SNPEff needs to be installed first to run the various SNPEff command-line filtration options.

**This section only needs to be run once per project. If you've already run the code in this section, there is no need to run it again.**

<div class="alert alert-block alert-success">
Create a new directory called 'snpeff' and download the latest version of SNPEff to that directory, then unzip the file.
</div>

In [None]:
mkdir snpeff
cd snpeff
wget https://snpeff.blob.core.windows.net/versions/snpEff_latest_core.zip
unzip -q snpEff_latest_core.zip
cd $root_path

<div class="alert alert-block alert-success">
SNPEff is based on Java, so the Java module will need to be loaded before running SNPEff.
</div>

In [None]:
module load java

<div class="alert alert-block alert-success">
Check the version of SNPEff, to make sure it has been installed correctly
</div>

In [None]:
java -jar ./snpeff/snpEff/snpEff.jar -version

********************

## Filtration principles <a class="anchor" id="filt"></a>

<div class="alert alert-block alert-warning">
If you look in the installed SNPEff directory (you can run the code cell below to do this), you'll see the two main tools: snpEff.jar and SnpSift.jar.
    </div>

In [None]:
ls ./snpeff/snpEff/

snpEff.jar
> is a variant annotation and effect prediction tool. It annotates and predicts the effects of genetic variants (such as amino acid change)

SnpSift.jar
>is a toolbox that allows you to filter and manipulate annotated files.
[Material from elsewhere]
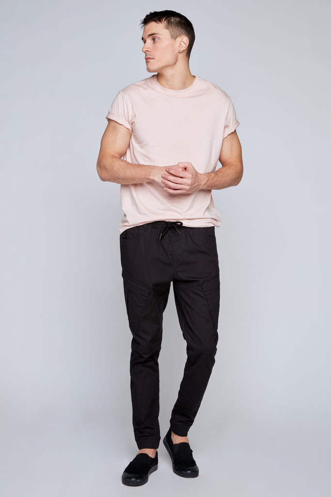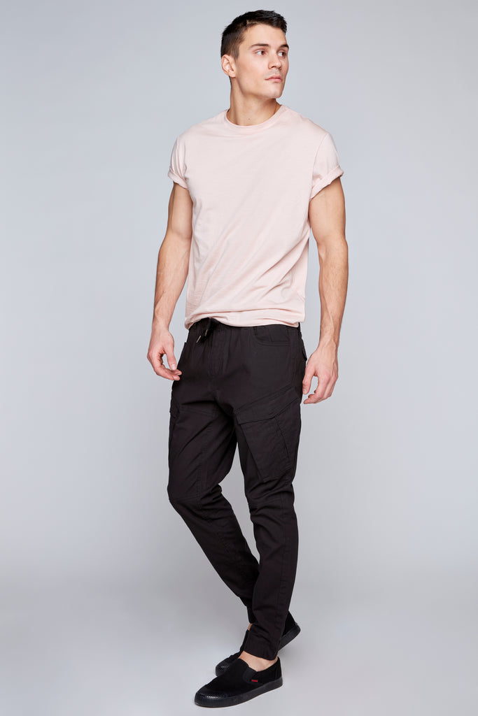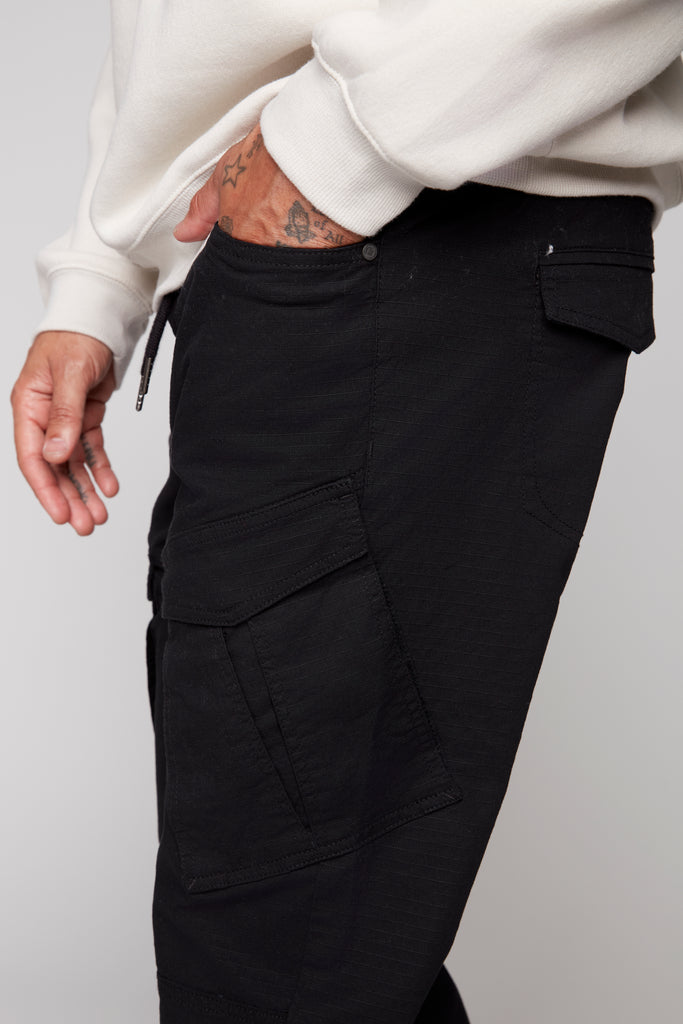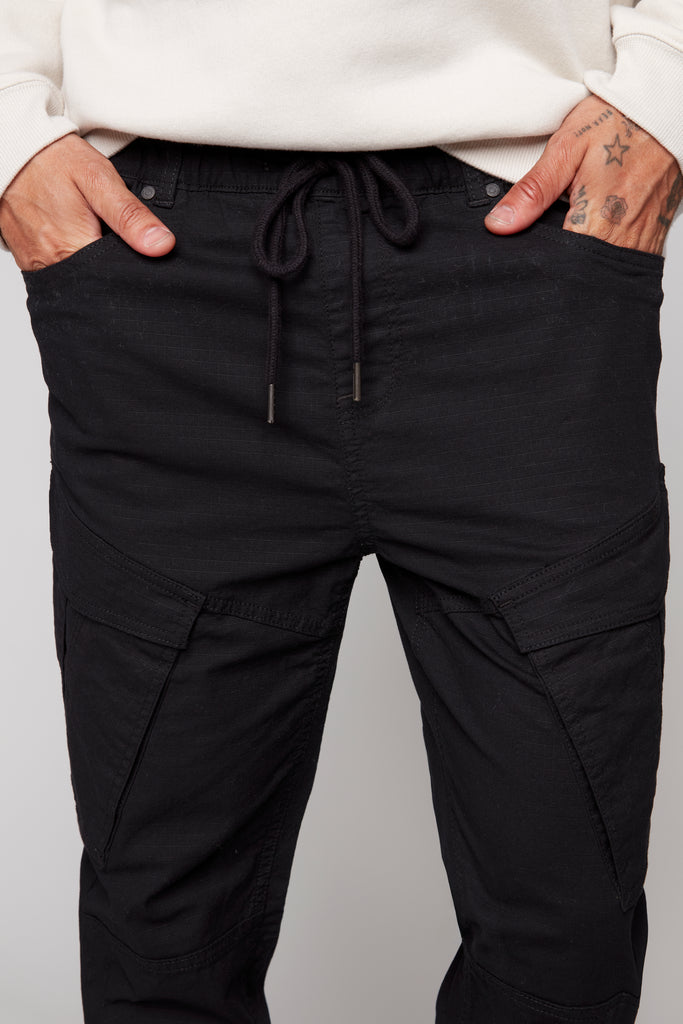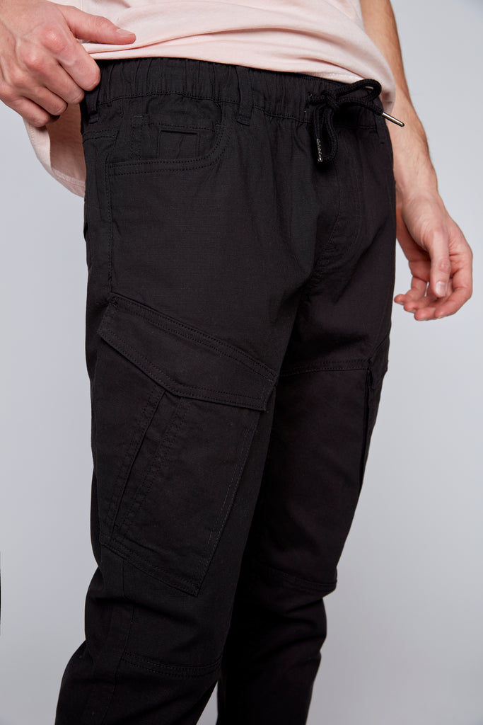 COHEN - RIB BLACK CARGO JOGGER PANTS - BLACK

snpEff has already been run on your samples, as part of the nfcore/sarek workflow, creating the '..samplename..'snpEff.ann.vcf.gz files we're working with here. 

In this Notebook we will be using SnpSift.jar to filter your samples by certain parameters, such as high impact variants.

SnpSift.jar is highly flexible and can be used to filter by quality, read depth, genotype and any of the annotation fields generated by snpEff.jar (such as frameshift mutations, synonymous, missense, splice regions, intron, exon, etc, etc).

A list and explanation of the filtration options can be seen here:

https://pcingola.github.io/SnpEff/ss_filter/

And a list of the possible annotation fields can be seen here:

https://pcingola.github.io/SnpEff/adds/VCFannotationformat_v1.0.pdf

<div class="alert alert-block alert-warning">
By following this guide, you have installed SnpSift.jar in ./snpeff/snpEff/SnpSift.jar and can run any of the examples in the link above by adding './snpeff/snpEff/' before 'SnpSift.jar' in any command.

For example, if you wanted to run the first example in https://pcingola.github.io/SnpEff/ss_filter/ (filter out samples with quality less than 30), you could run the following (change 'variants.vcf' to one of your variant files and 'filtered.vcf' to a suitable name for the output file):
</div>

In [None]:
cat variants.vcf | java -jar ./snpeff/snpEff/SnpSift.jar filter " ( QUAL >= 30 )" > filtered.vcf

SnpSift.jar can do more than filter samples, it can extract specific fields from your annotated vcf file, join by genomic regions, split by chomosome, etc. See all the SnpSift.jar commands here:  https://pcingola.github.io/SnpEff/ss_introduction/

***************************

## Filter by impact <a class="anchor" id="impact"></a>

SNPEff annotates variants by HIGH, MODERATE, LOW or MODIFIER impact.

https://pcingola.github.io/SnpEff/se_inputoutput/#impact-prediction

>HIGH	The variant is assumed to have high (disruptive) impact in the protein, probably causing protein truncation, loss of function or triggering nonsense mediated decay.

>MODERATE	A non-disruptive variant that might change protein effectiveness.

>LOW	Assumed to be mostly harmless or unlikely to change protein behavior.

>MODIFIER	Usually non-coding variants or variants affecting non-coding genes, where predictions are difficult or there is no evidence of impact.

A list of all the effects (e.g. deletions, duplications, frame shift, etc) can be seen here, including if their impact category: https://pcingola.github.io/SnpEff/se_inputoutput/#effect-prediction-details

<div class="alert alert-block alert-success">
Create a main directory to store filtered results from each sample group, which will be in their own sample group subdirectories:
</div>

In [None]:
cd $root_path
mkdir Filtered

You can filter out variants by impact (e.g. only keep high impact variants).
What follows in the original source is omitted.